Spitzer Quasar and ULIRG Evolution Study (QUEST): II. The Spectral Energy Distributions of Palomar-Green Quasars

TL;DR

This study analyzes the spectral energy distributions of PG quasars using Spitzer data, revealing consistent features across groups and exploring the origins of FIR emission, with implications for understanding black hole and star formation growth.

Contribution

It provides detailed SEDs for PG quasars, compares starburst and AGN contributions to FIR emission, and discusses models explaining the observed infrared features.

Findings

All groups show similar SED features with three peaks.

Correlations between optical and infrared luminosities suggest linked growth processes.

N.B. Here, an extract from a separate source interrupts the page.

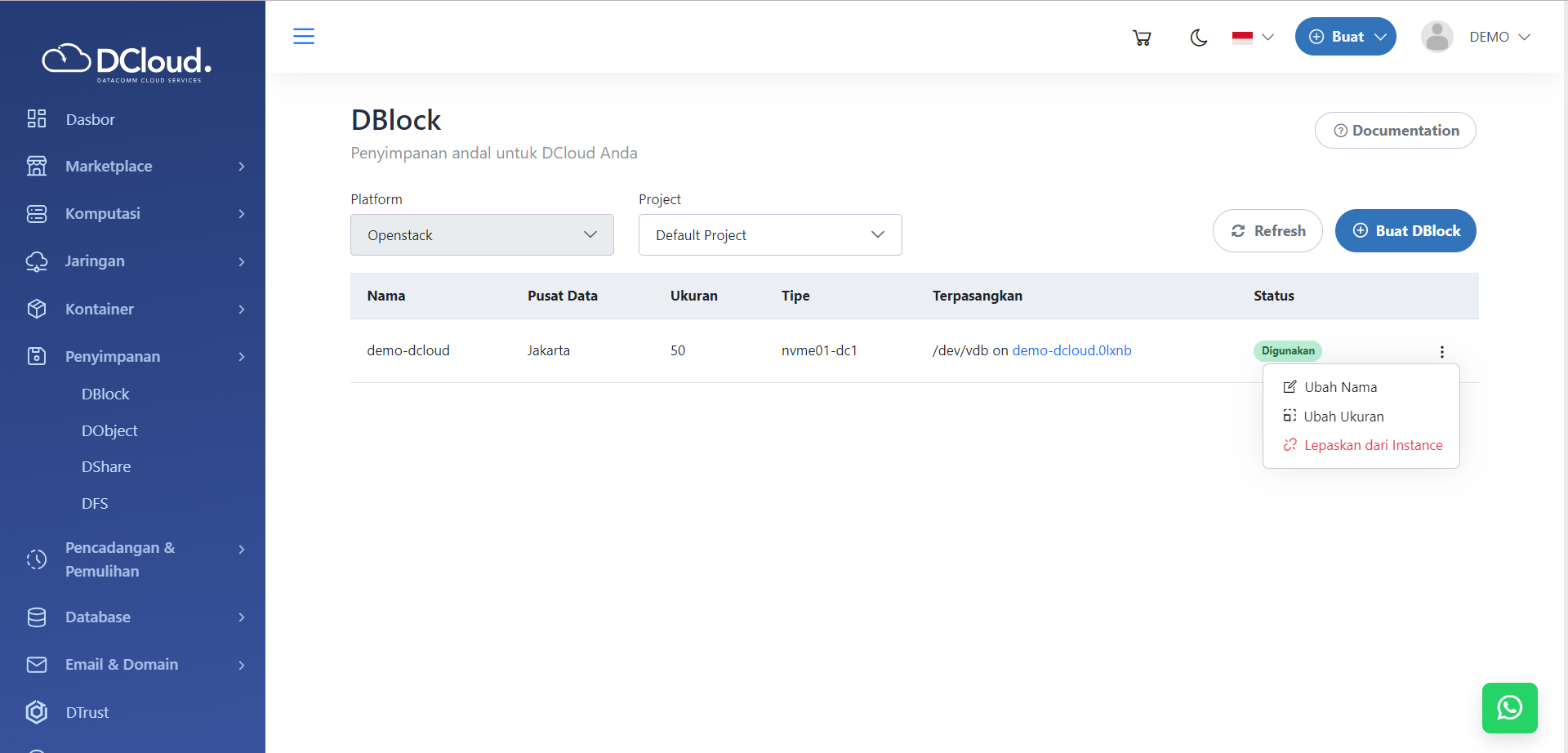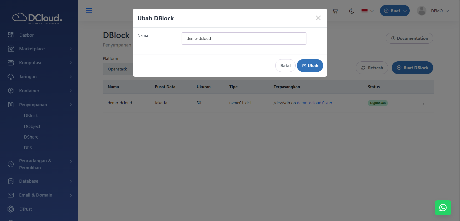 Ubah Nama DBlock (Volume) merupakan bagian dari kelola volume DBlock yang Anda miliki. Sebelum memulai, pastikan Anda memiliki akun DCloud dan telah masuk ke Customer Portal DCloud. Untuk mengubah nama DBlock, berikut langkah yang bisa dilakukan.

Starburst-origin FIR models are favored over AGN heating models for these QSOs.

Abstract

This is the second paper studying the QSOs in the spitzer QUEST sample. Previously we presented new PAH measurements and argued that most of the observed far infrared (FIR) radiation is due to star-forming activity. Here we present spectral energy distributions (SEDs) by supplementing our data with optical, NIR and FIR observations. We define two sub-groups of ``weak FIR'' and ``strong FIR'' QSOs, and a third group of FIR non-detections. Assuming a starburst origin for the FIR, we obtain ``intrinsic'' AGN SEDs by subtracting a starburst template from the mean SEDs. The resulting SEDs are remarkably similar for all groups. They show three distinct peaks corresponding to two silicate emission features and a 3mic bump that we interpret as the signature of the hottest AGN dust. They also display drops beyond 20mic that we interpret as the signature of the minimum temperature (about 200K) dust. This component must be optically thin to explain the silicate emission and the slope of the long wavelength continuum. We discuss the merits of an alternative model where most of the FIR emission is due to AGN heating. Such models are unlikely to explain the properties of our QSOs but they cannot be ruled out for more luminous objects. We also find correlations between the luminosity at 5100A and two infrared starburst indicators: L(60mic) and L(PAH 7.7mic). The correlation of L(5100A) with L(60mic) can be used to measure the relative growth rates and lifetimes of the black hole and the new stars.